Throughout the book, you aptly describe the remarkably different health outcomes for those living in poverty. To you, what was the most painful story that you saw due to poverty or lack of adequate resources?

There are so many to tell – for instance, I rotated through an inner-city emergency room in Atlanta and got to ride out one day on the ambulance where we were called to a remote housing project. I’d seen plenty of bad neighborhoods growing up in the Washington D.C.-Baltimore area, but nothing quite like this. We parked next to an overflowing trash dispenser where the surrounding ground was literally covered with broken glass, used syringes, partially eaten food and rodents. Not far away, I saw these two boys playing outside, seemingly oblivious to their surroundings.

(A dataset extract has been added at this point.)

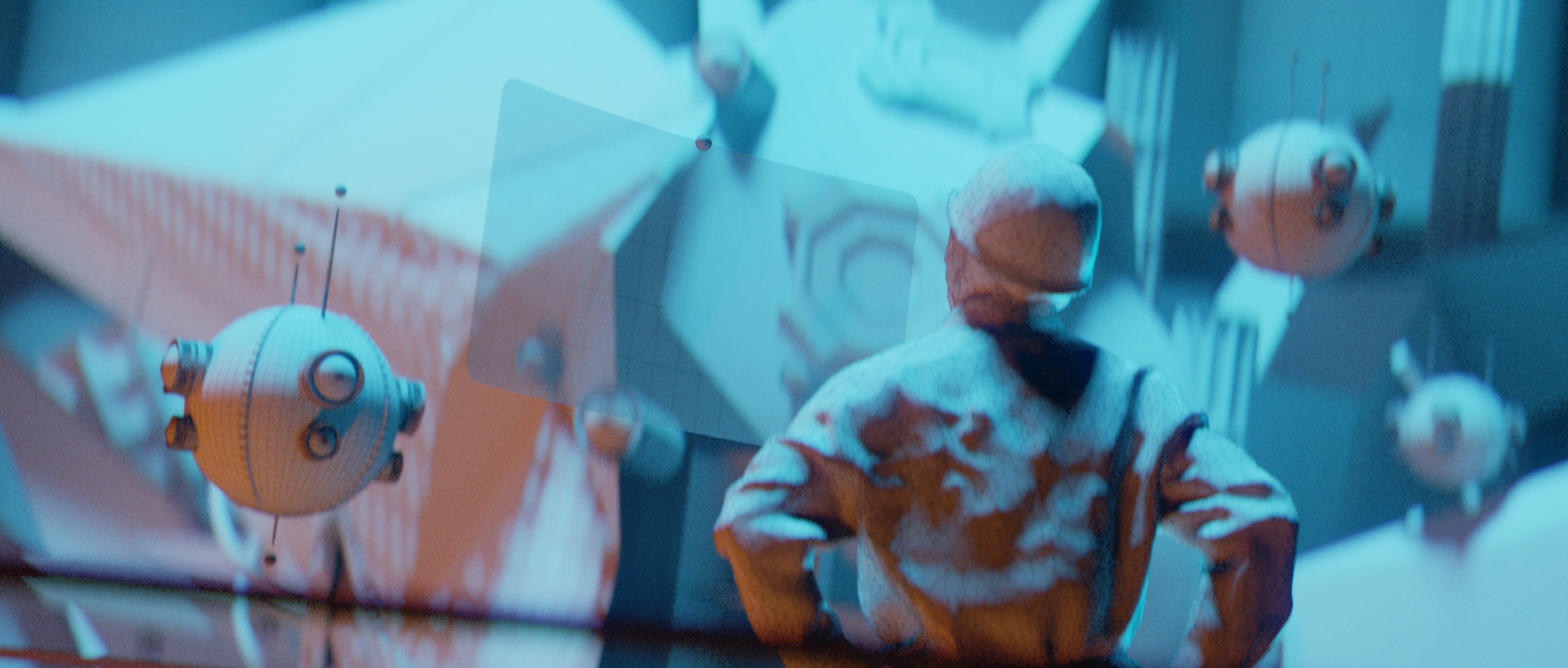 In addition to the UI experimentation, I used an anamorphic lens in Vray which gives me a beautiful bokeh as a result of the Depth of Field.

The woman we took to the hospital was violent and drug-addicted, and I tried to imagine how differently my life might have turned out if I was one of those boys with a mom like this woman we were taking to the hospital. It was sad.

Throughout the book, you give some startling discrepancies in health outcomes based on race. To you, what are the most shocking and startling statistics?

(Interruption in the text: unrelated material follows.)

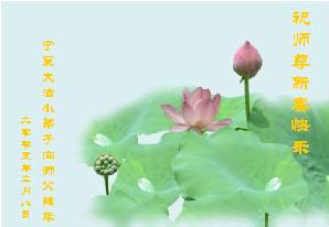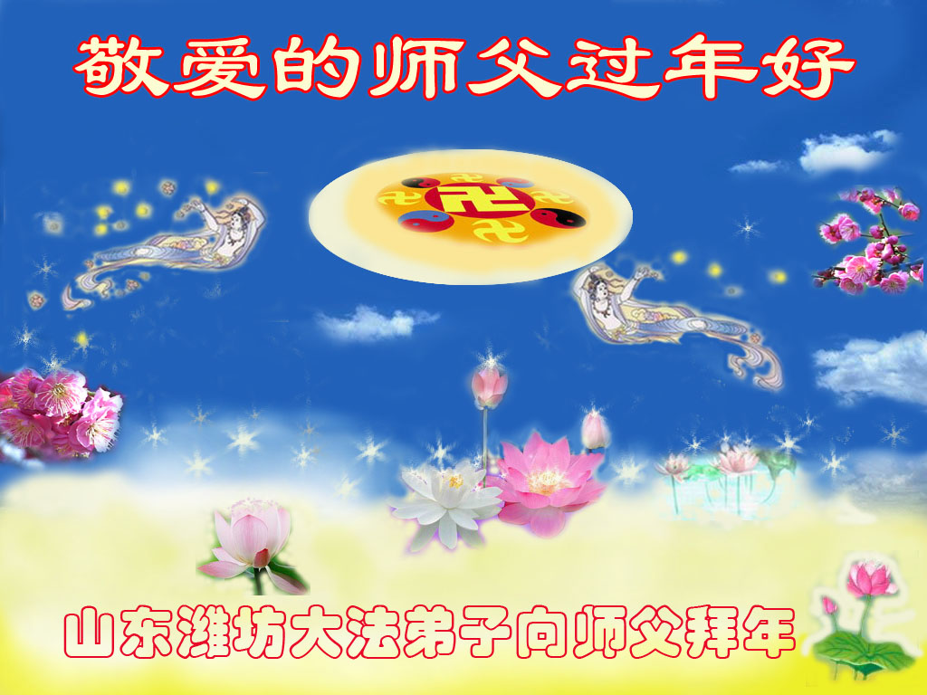 敬爱的师父:您好,您辛苦了,在新年到来之际,弟子们更加想念师父,我们山东潍坊全体大法弟子给您拜年了!

When I first started medical school, I pretty much had a post-racial mindset. Then, in my first year, professors are suddenly telling [me] about diseases (virtually all of them) that are more common in black people and have outcomes much worse in black people than in whites. And no one really told me why – I assumed it was more socioeconomic factors, but we’ve found that’s only partially true.

To me, one of the most startling realizations was the idea that black doctors did so much worse than white doctors in terms of their own health. There was a study done comparing African-American graduates of Meharry (a majority-black medical school) to the white medical graduates from Johns Hopkins from the same era over a period of more than twenty-five years. The black doctors had higher rates of high blood pressure, diabetes, heart disease, and premature death. Here you had smart doctors struggling with the same health problems that we so often see with everyday black patients. I became one of those statistics when I was diagnosed with high blood pressure as a medical student. It took me nearly a decade to fully come to terms with how my diet of high-salt, high-fat foods – one familiar to very many black people that I’ve known and that I’ve seen as a doctor– was compromising my health. I tell this story in the book with the hope that my evolution on this issue will help other black people make positive changes by reckoning with cultural aspects of diet and nutrition.

What is the most promising change you’ve seen in your fifteen plus years in practice?

There are a lot of different layers to that question. First, Duke has had quite a bit of change. When I first came to Duke , there had never been a chair of a clinical department who was a woman, or one who was black, and now there have been several female chairs and two African-American chairs. The dean of the medical school Nancy Andrews, is a woman, and the new chancellor for health affairs, Eugene Washington, is an African American man. So diversity at the highest levels has certainly increased in the last fifteen years. From a medical perspective, if you look at the two rural clinics that I rotated through in medical school and visited again a few years ago, for example, there is now more continuity of care, so women and men can come back and see the same doctors at the clinic, which makes a huge difference. It remains to be seen, however, if healthcare reform has the impact that was hoped for.

What is your hope with this book?

For readers less familiar with African-American health issues, I want to use human stories to leave them with a sense of the many ways that race is an important issue in medicine. For African-American readers, I want to give voice to some of their stories and help inspire them to take better care of themselves. For everyone that reads the book, I want to offer hope that broader racial divisions can be mended, one human relationship at a time.